T and B Lymphocyte Deficiency in Rag1-/- Mice Reduces Retinal Ganglion Cell Loss in Experimental Glaucoma

Abstract

Purpose: We previously demonstrated that passive transfer of lymphocytes from glaucomatous mice induces retinal ganglion cell (RGC) damage in recipient animals, suggesting a role for immune responses in the multifactorial pathophysiology of glaucoma. Here we evaluate whether absence of an adaptive immune response reduces RGC loss in glaucoma.

Methods: Elevated intraocular pressure (IOP) was induced in one eye of C57BL/6J (B6) or T- and B-cell-deficient Rag1-/- knockout mice. After 16 weeks RGC density was determined in both the induced and the normotensive contralateral eyes. Data were compared to mice having received injections of "empty" vector (controls). The number of extravascular CD3+ cells in the retinas was determined using FACS.

Results: Retinas of eyes with elevated IOP contain significantly more extravasated CD3+ cells than control retinas (46.0 vs. 27.1, P = 0.025). After 16 weeks of elevated IOP the average RGC density in B6 mice decreased by 20.7% (P = 1.9 × 10-4). In contrast, RGC loss in Rag1-/- eyes with elevated IOP was significantly lower (10.3%, P = 0.006 vs. B6). RGC loss was also observed in the contralateral eyes of B6 mice, despite the absence of elevated IOP in those eyes (10.1%; P = 0.008). In RAG1-/- loss in the contralateral eyes was minimal (3.1%) and significantly below that detected in B6 (P = 0.02).
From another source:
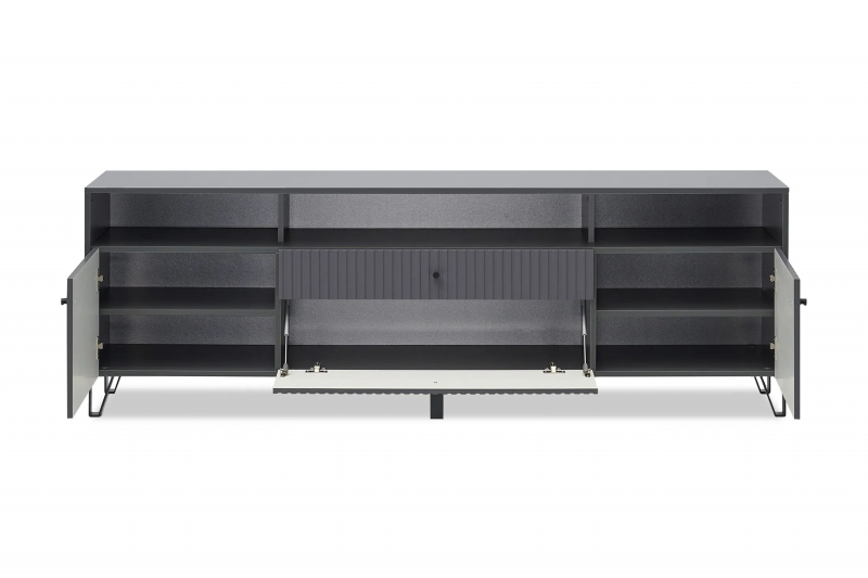 В тумбе три открытые полки, два отделения за распашными дверцами полками, отделение за откидной дверцей и выдвижной ящик. Такое деление помогает лучше организовать хранение вещей и поддерживать порядок.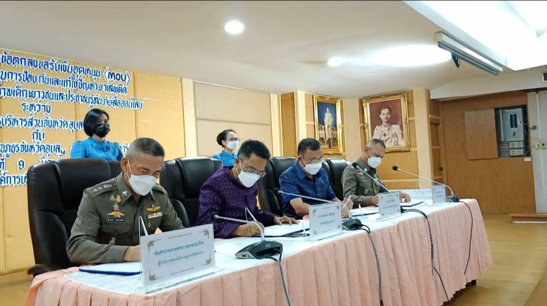 อบจ.อุบลราชธานี นายกานต์ กัลป์ตินันทน์ นายยกองค์กสรริหารส่วนจังหวัดอุบลราชธานี มอบเงินอุดหนุน โครงการป้องกันและแก้ไขปัญหายาเสพติดและเสริมสร้างศักยภาพเด็ก เยาวชน รู้ทันสื่อออนไลน์ ในจังหวัด กว่า 9 ล้านบาท องค์การบริหารส่วนจังหวัดอุบลราชธานี จัดพิธีลงนามบันทึกข้อตกลง MOU ความร่วมมือโครงการอุดหนุนการป้องกันและแก้ไขปัญหายาเสพติด โครงการอุดหนุนการป้องกันและแก้ไขปัญหายาเสพติด ในพื้นที่หมู่บ้าน ชุมชน ที่มีปัญหาการระบาดของยาเสพติด โครงการเสริมสร้างศักยภาพเด็ก เยาวชน และประชาชน รู้ทันภัยสื่อออนไลน์ระหว่าง นายกานต์ กัลป์ตินันทน์ นายกองค์การบริหารส่วนจังหวัดอุบลราชธานี นายสมเจตน์ เต็งมงคลปลัดจังหวัดอุบลราชธานี พล.ต.ต.สถาพร เอมโอษฐ์ ผู้บังคับการตำรวจภูธรจังหวัดอุบลราชธานี และ พ.ต.อ.ยุทธนา พฤกษารุ่งเรือง ผกก.สภ. วารินชำราบ พร้อมด้วยคณะผู้บริหาร หัวหน้าส่วนราชการ เข้าร่วมในพิธีลงนามบันทึกข้อตกลงการรับเงินอุดหนุนฯ ณ ห้องประชุมสภาองค์การบริหารส่วนจังหวัดอุบลราชธานี ชั้น 3

Conclusions: Our findings demonstrate that T Rag1-/- mice are significantly protected from glaucomatous RGC loss. In this model, lymphocyte activity contributes to approximately half of all RGC loss in eyes with elevated IOP and to essentially all loss observed in normotensive contralateral eyes.

Figure 1.

IOP (mm Hg) in mice following injection of Ad5myoc into the anterior chamber of the left eye (OS). (A) Elevated IOP was only observed in injected eyes. (B) Summation of IOP over the experimental period was similar in injected eyes between the two groups of mice (area under the curve: AUC).

Figure 2.

RGC density in age-matched control eyes (hashed bars) in comparison to B6 eyes (white bars) and Rag1−/− eyes (gray bars) after 16 weeks of elevated IOP. Each dot represents one eye. Values are obtained in the retinal periphery, mid-periphery (Mid) and Centrally (Central). *: P < 0.05, **P < 0.01, ns = not significant, n = 15/group.

Figure 3.

RGC density in contralateral eyes in control mice (hashed bars), B6 (white bars), and Rag1−/− (gray bars). Each dot represents one eye. Values are obtained in the retinal periphery, mid-periphery (Mid) and centrally (Central). *: P < 0.05, **P < 0.01, ns = not significant, n = 15/group.

Figure 4.

Extravasation of T cells in the retina of C57BL/6J eight weeks after induction of elevated IOP. (A) The IOP profile of the mouse whose retinas are depicted in B and C demonstrates a modest elevation of IOP throughout the eight-week period. (B) Retinal wholemount of the injected eye (OS) indicating Brn3a positive RGC (red) and T-cell receptor–positive T-cells (TCR, green, arrows) in the retinal parenchyma. The unlabeled retinal vasculature is faintly visible. (C) Retinal wholemount of the contralateral eye (OD). In this particular eye no T-cell extravasation was apparent although, in the absence of heparin perfusion, TCR positive cells are present within the larger retinal vessels.